Con qué empeño la luz
quiere arropar, velada, la paz de la mañana
de manso mar y silenciosas calles
y de ese modo levantar el solio
que te encierra y engasta cual zafiro
cuando, al fin, sonriente y despeinada,
pasas revista a la enemiga tropa
y la encuentras conforme a tus designios
en batallones de plumón tan tibio,
en falanges de aljaba tan vacía
que proclamas, sin lucha, la victoria
y el raigón derrotado de mi ejército
cargado de grilletes tras tu carro se arrastra
traidor a su bandera, a su patria, a su dios.
                            
                                 Derecho de conquista (Antonio Martínez Sarrión)
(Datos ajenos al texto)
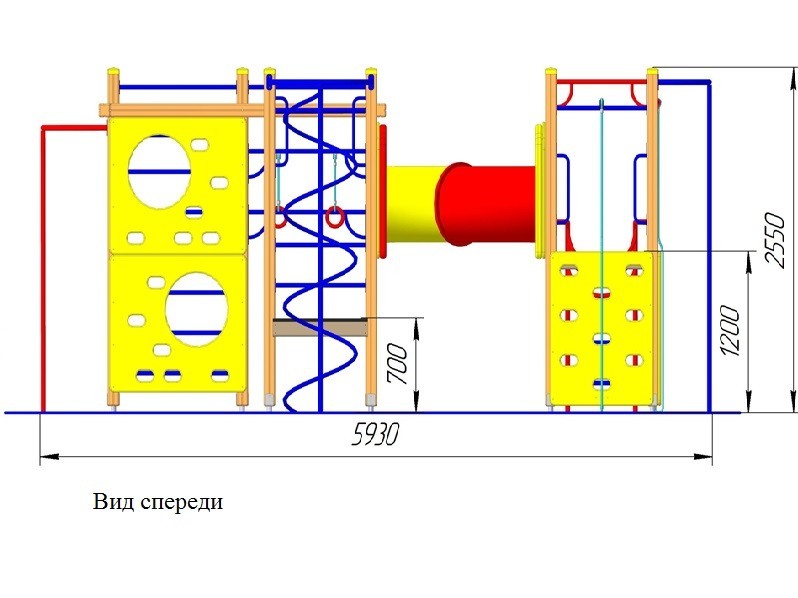 Материалы: Толстостенная труба, клееный брус, полипропиленовый канат, влагостойкая фанера.Весь применяемый металлопрокат соответствует ГОСТ 10705-80, ГОСТ 1577-93. Сварные швы конструкций из металла обработаны и отшлифованы (ГОСТ Р 52169-2012 п.4.3.10). Все металлические элементы окрашиваются глянцевой порошковой краской, соответствующей требованиям санитарных норм и экологической безопасности. Для более качественного прокраса все металлические элементы проходят двойной цикл покраски.Все деревянные элементы изготавливаются из сосновой доски влажностью 7-8%, подвергаемой склейке по длине и ширине заготовки с применением клеев зарубежных производителей; изгибы, радиусы и скругленные кромки тщательно отшлифованы и обработаны грунтом для закрытия торцов.Все фанерные элементы изготовлены из многослойной влагостойкой фанеры ФСФ (ГОСТ 30427-96 ); изгибы, радиусы и скругленные кромки тщательно отшлифованы и обработаны грунтом для закрытия торцов (ГОСТ Р 52169-2012 п.4.3.11). Окраска фанерных и деревянных элементов происходит в три слоя: первый слой — грунтование заготовки с последующим шлифованием поверхности, второй слой — восстановление грунта после шлифовки, третий слой — финишная покраска. Все фанерные и деревянные элементы окрашиваются атмосферостойкими красками, устойчивыми к ультрафиолету , истиранию и соответствующими требованиям санитарных норм и экологической безопасности.Крепеж оцинкован.Выступающие части резьбовых соединений закрыты пластиковыми заглушками (ГОСТ Р 52169-2012 п. 4.3.9).Крепление элементов оборудования исключает возможность их демонтажа без применения инструментов (ГОСТ Р 52169-2012 п. 4.3.13).Изделие сопровождается: а) техническим паспортом завода-изготовителя (ГОСТ Р 52301-2004 п. 5), в котором указано предназначение, номер изделия, правила безопасной эксплуатации и схема сборки.б) комплектом крепежа для сборки и монтажа.Сборочно-монтажные работы выполняются с соблюдением требований национальных стандартов по установке детского игрового оборудования и согласно схемам монтажа предприятия-изготовителя.
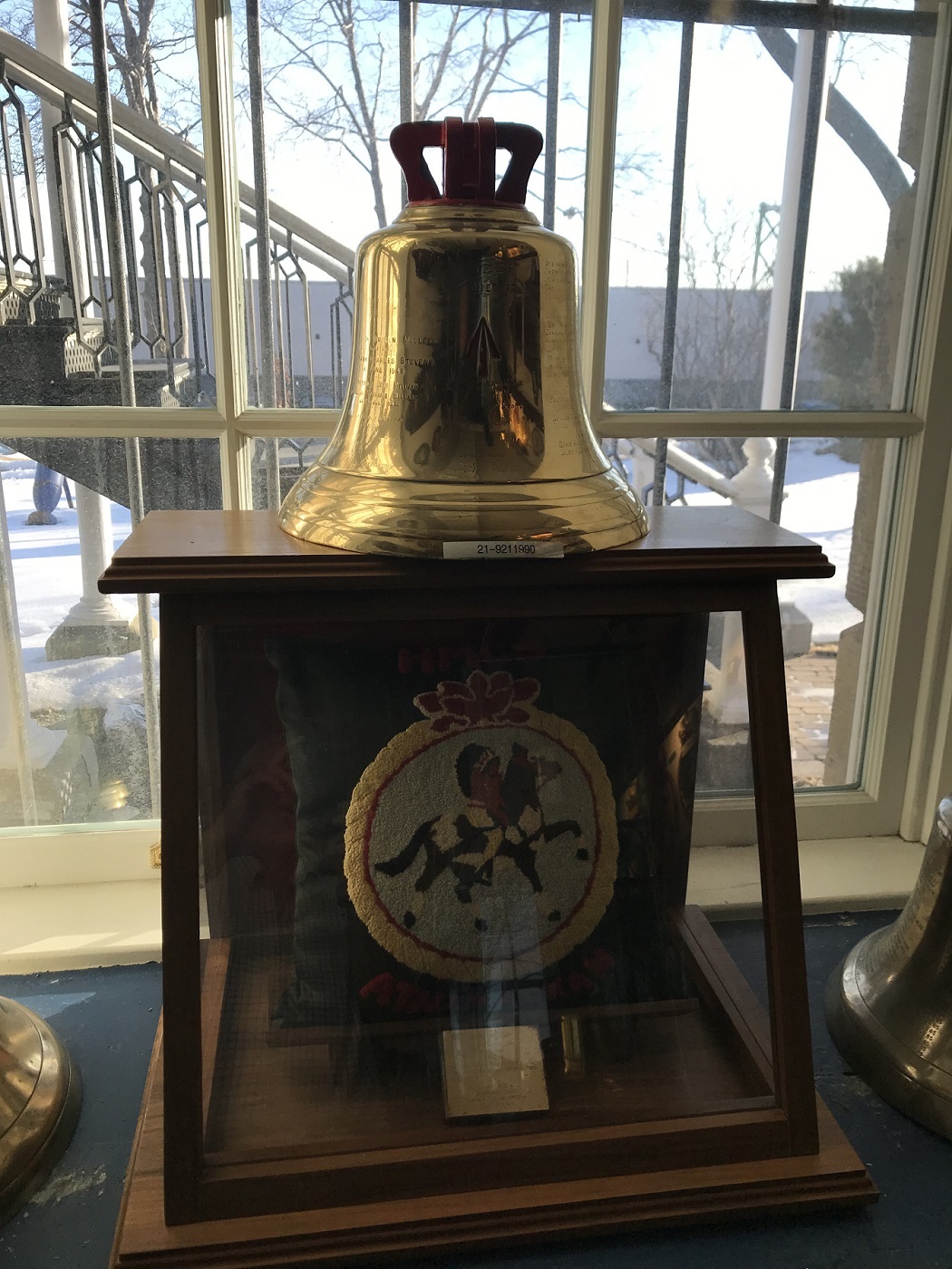The ship's bell and captain's cushion for HMCS ATHABASKAN R79 / 219 is on display at the Naval Museum of Halifax, CFB Halifax, NS. The plaque on the right acknowledges the presentation of the cushion to the Captain's Cabin from Captain Gordon L. Edwards. The cushion was made by Able Seaman G.L. Edwards in Athabaskan 219, October 1951.
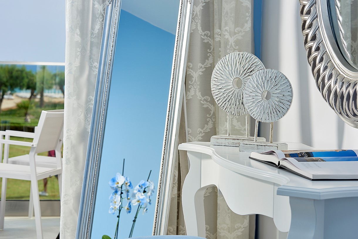 Mythos Junior Suites are furnished to an exceptionally high standard and have a direct, unimpeded view of the sea.

               Me encanta este poema desde la primera vez que lo leí. Las perfectas metáforas que emplea (en falanges de aljaba tan vacía) y la forma en que te sumerge en la paz de la mañana con el verso de manso mar y silenciosas calles, me incitan a volver sobre su paz y su asumida derrota.
               Pero de la misma manera que me encanta el poema, tengo que confesar la desazón que me produce el último verso:

traidor a su bandera, a su patria, a su dios.

               Cada vez que termino de leerlo no puedo evitar cambiar el orden de las tres últimas palabras; la razón es que me suena mejor el ritmo como yo me lo imagino, olvidándome del orden conceptual, que la forma en la que las dispuso el poeta (la osadía no tiene límites). Así, me suena mejor:

traidor a su dios, a su patria, a su bandera.
que
traidor a su bandera, a su patria, a su dios.


               Como estoy de acuerdo en que sólo se debe ocupar uno de lo que importa (y me importa mucho este poeta) me atrevo con esta insolencia que los lectores y Martínez Sarrión me perdonarán.